» YOUR GOAL
Please return the listing below exactly, without any of its pictures.

» INFORMATION SHOWN

******************************

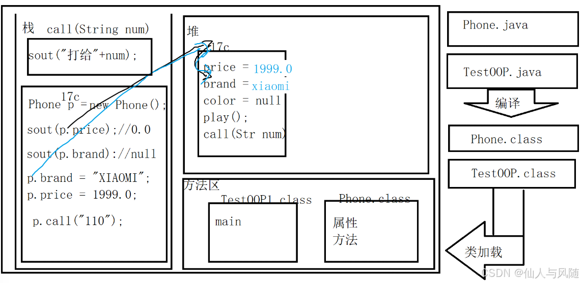 - 堆中创建对象时,开辟空间——》分配地址——》属性和方法初始化给默认值(例如int类型默认为0,String引用类型默认为null)
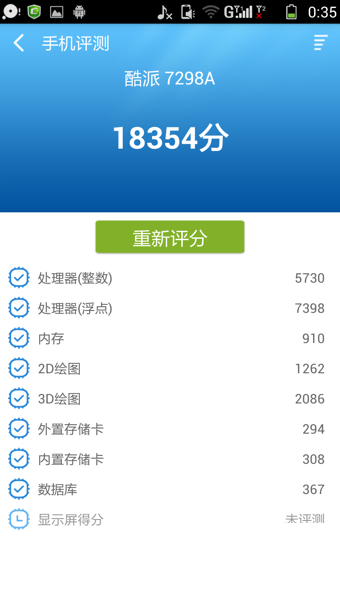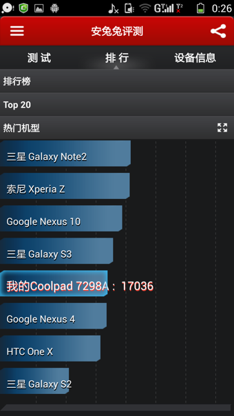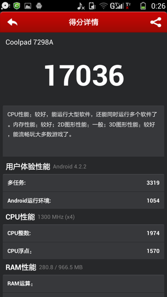 酷派春雷HD搭载1.3GHz四核处理器,1GB的RAM,4GB的ROM,最大可扩展到32GB。这款手机在性能方面的表现如何呢?虽说跑分并不能说明全部的问题,但还是先让我们跑一个分吧。
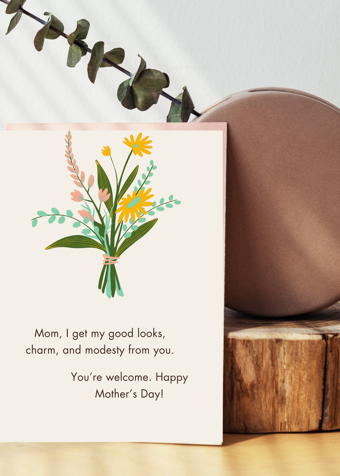 > "Mom, I get my good looks, charm, and modesty from you. You're welcome. Happy Mother's Day!"
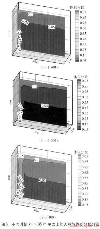 模擬了天然氣泄漏后,x=1.35m平面、z=1m(距離地面1m)平面、z=1.6m平面上的天然氣體積分?jǐn)?shù)隨時間t的變化規(guī)律。天然氣泄漏1800、3600、5400s后x=1.35m平面上的天然氣體積分?jǐn)?shù)分布見圖6。由模擬結(jié)果可知,天然氣泄漏擴(kuò)散后的體積分?jǐn)?shù)隨與地面垂直距離的增大而增大。不同時刻天然氣泄漏擴(kuò)散的形態(tài)基本相似,但天然氣的體積分?jǐn)?shù)和所覆蓋的危險區(qū)域變化較大。

******************************

» PROBLEM SOLUTION
 - 堆中创建对象时,开辟空间——》分配地址——》属性和方法初始化给默认值(例如int类型默认为0,String引用类型默认为null)
 酷派春雷HD搭载1.3GHz四核处理器,1GB的RAM,4GB的ROM,最大可扩展到32GB。这款手机在性能方面的表现如何呢?虽说跑分并不能说明全部的问题,但还是先让我们跑一个分吧。
 > "Mom, I get my good looks, charm, and modesty from you. You're welcome. Happy Mother's Day!"
 模擬了天然氣泄漏后,x=1.35m平面、z=1m(距離地面1m)平面、z=1.6m平面上的天然氣體積分?jǐn)?shù)隨時間t的變化規(guī)律。天然氣泄漏1800、3600、5400s后x=1.35m平面上的天然氣體積分?jǐn)?shù)分布見圖6。由模擬結(jié)果可知,天然氣泄漏擴(kuò)散后的體積分?jǐn)?shù)隨與地面垂直距離的增大而增大。不同時刻天然氣泄漏擴(kuò)散的形態(tài)基本相似,但天然氣的體積分?jǐn)?shù)和所覆蓋的危險區(qū)域變化較大。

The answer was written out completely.